Misfits and the Misfit Economy

Misfits and the Misfit Economy

Are you misfit? Feel like you’ve not fit into your life just yet? Or are working on some fringe endeavor? You might just be a misfit. Below you’ll find 2 perspectives on being a misfit, both powerful, in different ways. Two women experiencing what misfit is, through and through.

Lidia Yuknavitch talks about from the point of view of life, how she, a self-proclaimed misfit, managed to find her voice, and go after her dreams, even after major trauma and major life hurdles, and even after being homeless. Miss Yuknavitch spoke at TED Talks 2016, and you can hear her (and see her) in the video below.

“Give voice to the story only you know how to tell.”
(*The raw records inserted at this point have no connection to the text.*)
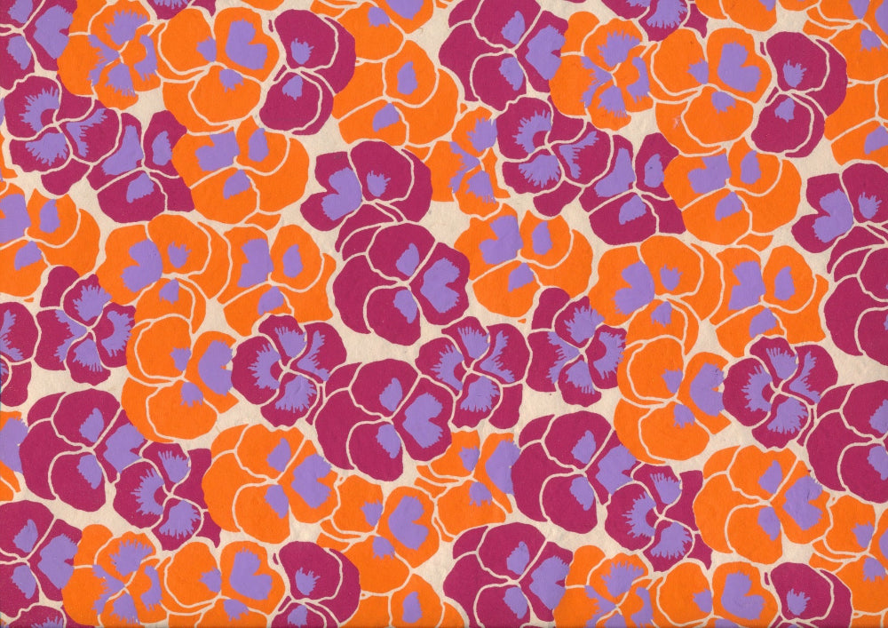 Crafted from the fibers of the lokta plant and block printed by hand, each sheet offers a distinct texture and character. Though structured and sturdy, it often allows light to pass through beautifully.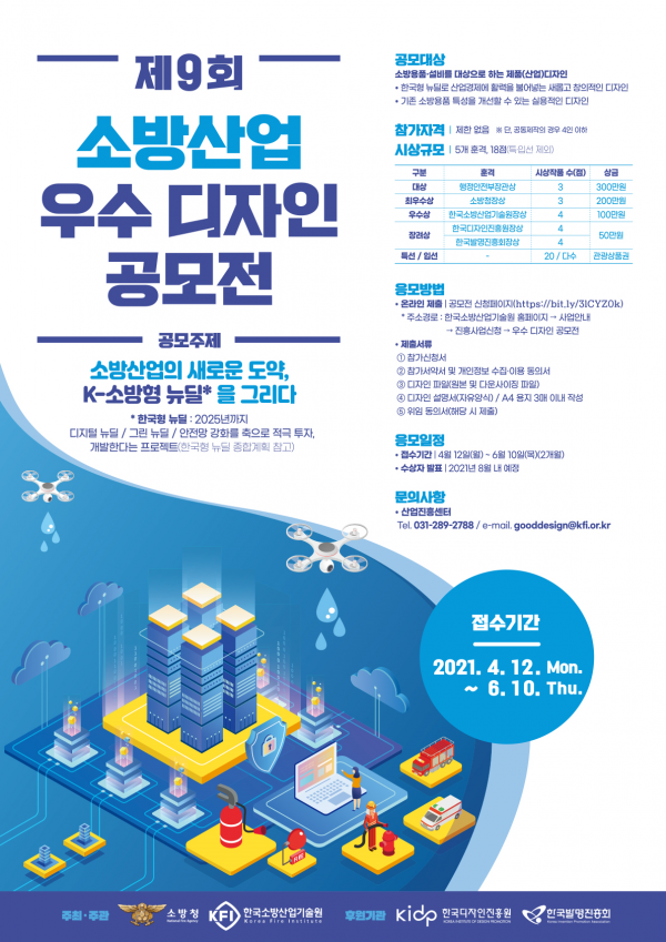 주제는‘소방산업의 새로운 도약, K-소방형 뉴딜을 그리다’로 소방용품, 설비를 대상으로 창의적이고 실용적인 디자인을 공모한다.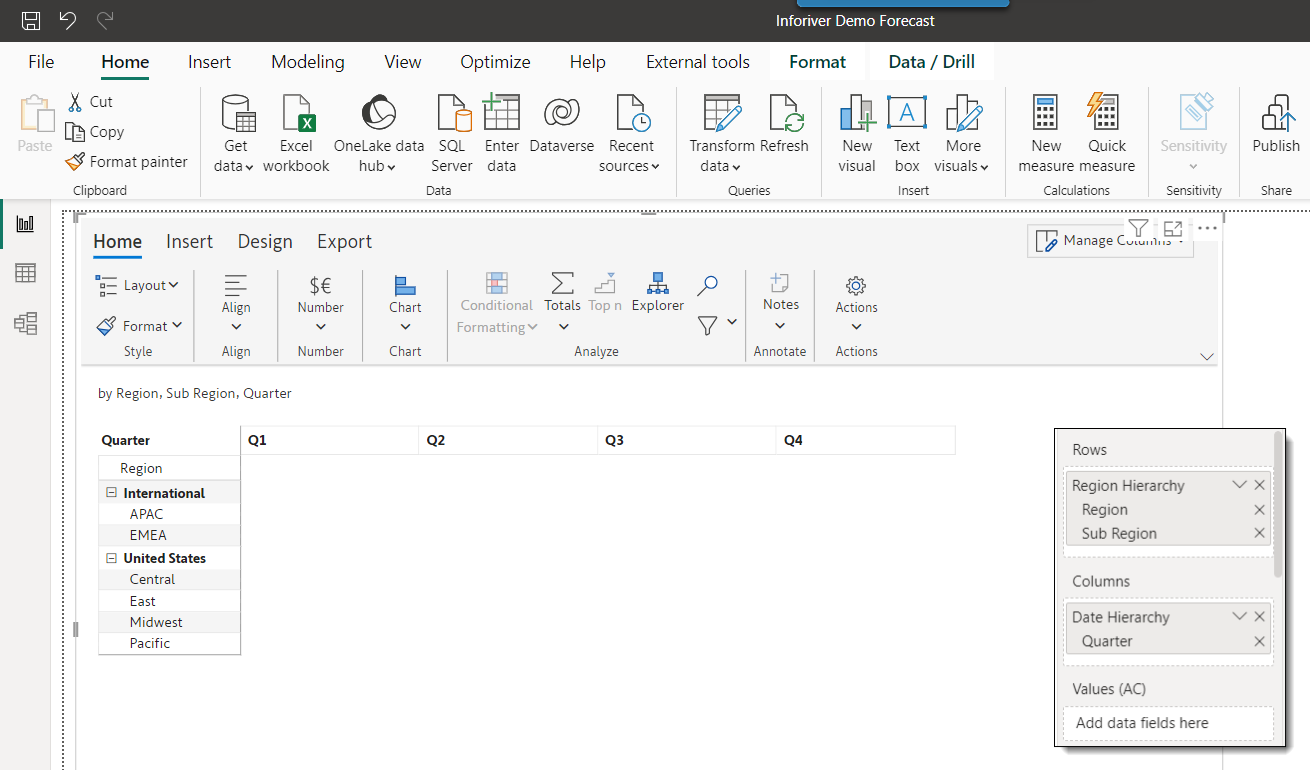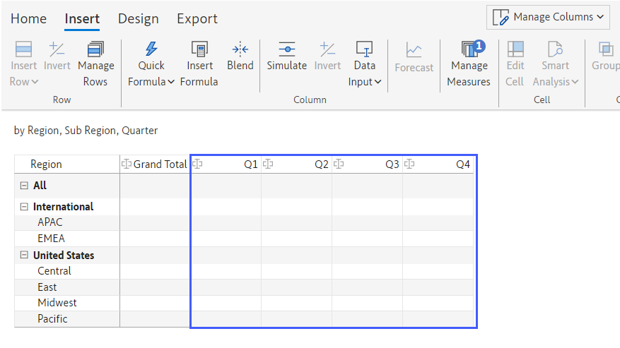 Assign Region & Sub Region categories to rows and Quarters to columns. You will have a blank table structure.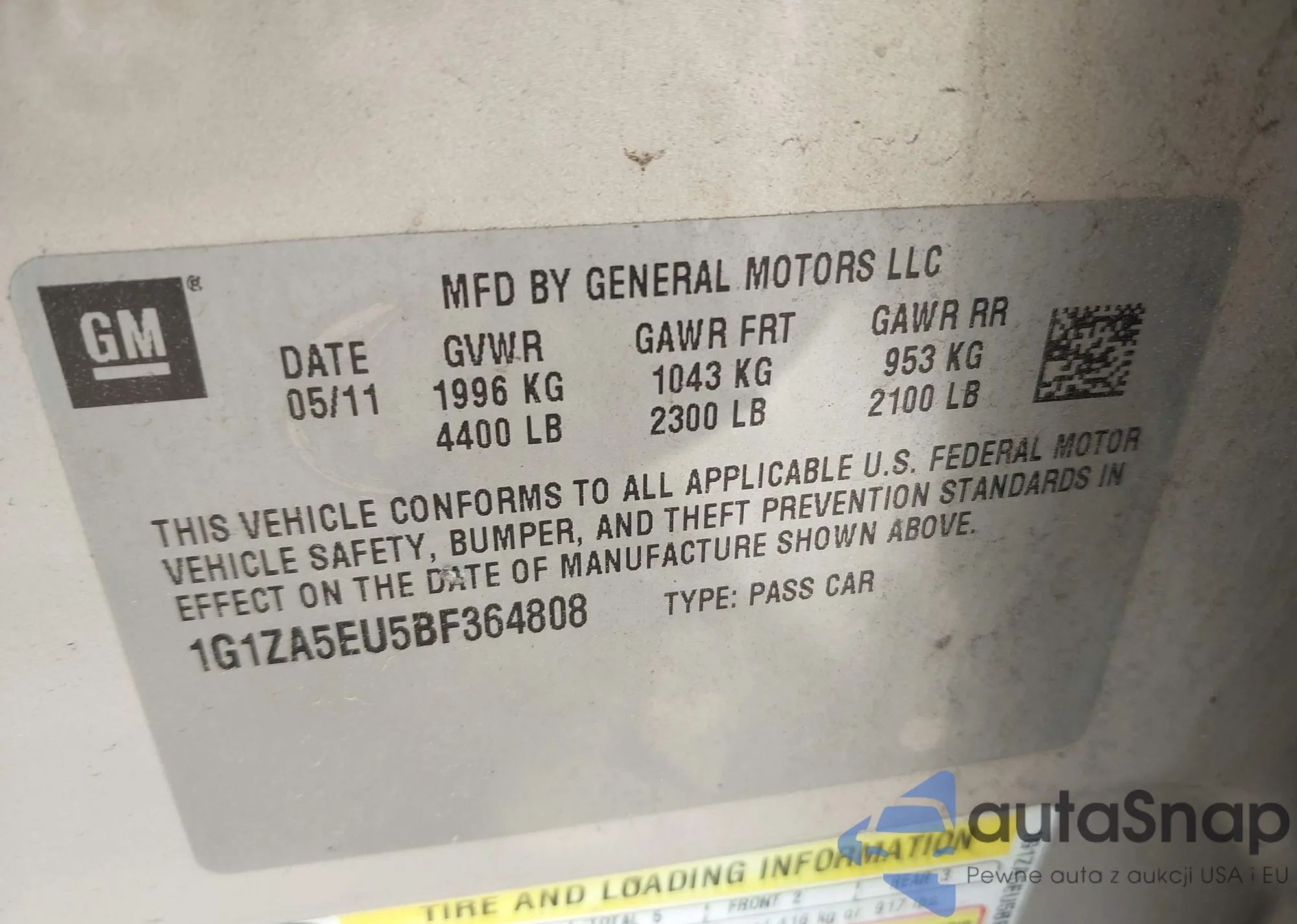 VIN: 1G1ZA5EU5BF364808

Alexa Clay talks about the misfit side of business, about the misfit economy. She talks about the gray economy, underground economy, informal economy, black market economy, underground economy, makeshift economy, shadow economy, the misfit economy! It has toppled regimes. It is worth look at it and understanding it. She does a great job at that in this Talks at Google video. Even if this is a video/book from last year, it is still relevant (if not more so) then when it came out.

“We are all Leaders.”

 

Lidia Yuknavitch: How a misfit found her voice

To those who feel like they don’t belong: there is beauty in being a misfit. Author Lidia Yuknavitch shares her own wayward journey in an intimate recollection of patchwork stories about loss, shame and the slow process of self-acceptance. “Even at the moment of your failure, you are beautiful,” she says. “You don’t know it yet, but you have the ability to reinvent yourself endlessly. That’s your beauty.”

“My brains could be more important than my boobs”.

Her book:

The Chronology of Water

This is not your mother’s memoir. In The Chronology of Water, Lidia Yuknavitch expertly moves the reader through issues of gender, sexuality, violence, and the family from the point of view of a lifelong swimmer turned artist. In writing that explores the nature of memoir itself, her story traces the effect of extreme grief on a young woman’s developing sexuality that some define as untraditional because of her attraction to both men and women. Her emergence as a writer evolves at the same time and takes the narrator on a journey of addiction, self-destruction, and ultimately survival that finally comes in the shape of love and motherhood.

 

This talk was filmed at TED2016, February 2016.

 

 

 

 

Alexa Clay: The Misfit Economy

Alexa writes:  “From these misfits, we can learn much about ingenuity, about determination, about the innate human itch to create, build and exploit an opportunity.”

Take a look at the video, and read the book and see how this new idea of a misfit economy is not new at all, and how it’s been influencing the present and future of the “regular” economy.

A book that argues that lessons in creativity, innovation, salesmanship, and entrepreneurship can come from surprising places: pirates, bootleggers, counterfeiters, hustlers, and others living and working on the margins of business and society.

Who are the greatest innovators in the world? You’re probably thinking Steve Jobs, Thomas Edison, Henry Ford. The usual suspects. This book isn’t about them. It’s about people you’ve never heard of. It’s about people who are just as innovative, entrepreneurial, and visionary as the Jobses, Edisons, and Fords of the world. They’re in the crowded streets of Shenzhen, the prisons of Somalia, the flooded coastal towns of Thailand. They are pirates, computer hackers, pranksters, and former gang leaders. Across the globe, diverse innovators operating in the black, grey, and informal economies are developing solutions to a myriad of challenges. Far from being “deviant entrepreneurs” that pose threats to our social and economic stability, these innovators display remarkable ingenuity, pioneering original methods and practices that we can learn from and apply to move formal markets. This book investigates the stories of underground innovation that make up the Misfit Economy. It examines the teeming genius of the underground. It asks: Who are these unknown visionaries? How do they work? How do they organize themselves? How do they catalyze innovation? And ultimately, how can you take these lessons into your own world?